Так и не узнал, пришла ли девушка на встречу, потому что я – не
пришел. Из Китая прилетели тигры, и мне пришлось ехать в Шереметьево
встречать их.

От воспоминаний меня оторвал новый звонок. Детские голоса, перебивая
друг друга: «Позовите Мишу». «Какого Мишу?» – не понял я. Смех:
«Как какого? Косолапого». Я: «Приходите в зоопарк. Я вам медведя
покормить дам. Из ручек».

Вышел в коридор. Подальше от телефона. Взгляду не на чем остановиться.
Голые стены. Единственное их украшение – знакомый до одури план
нового, будущего зоопарка. На нем штрихами и пунктирами нанесены
вольеры и клетки, сплошным зеленым – парковые участки. Тоска зеленая.
Внизу хлопнула дверь, послышались тяжелые шаги на лестнице, и
в коридоре появился грузный пожилой мужчина, одетый в черное потертое
пальто. «Роман, работает вахтером», – вспомнил я.

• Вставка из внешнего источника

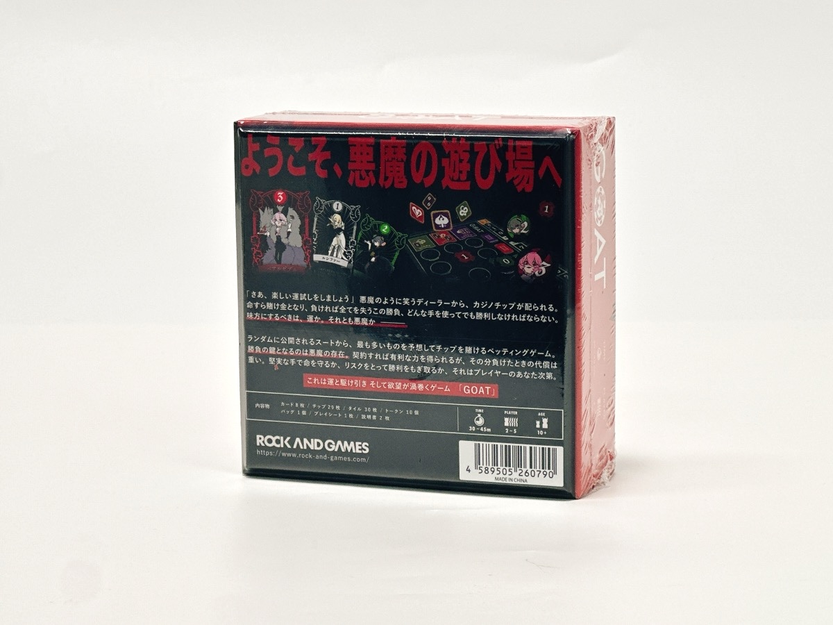 『ゴート(GOAT)』は、ランダムに公開されるスートから、最も多いものを予想してチップを賭けるベッティングゲーム。

Часто видел
его, когда привозил животных в зоопарк. Наш грузовик останавливался
у запертых ворот, водитель гудел, и из зелененького домика у проходной
появлялся Роман, спускался по ступенькам с высокого крыльца и
открывал нам ворота. А потом закрывал их за нами.

– Здравствуй, Роман!

– Здравствуй! – ответил тот, переводя дыхание. Видно запыхался,
поднимаясь по лестнице. – Директор у себя?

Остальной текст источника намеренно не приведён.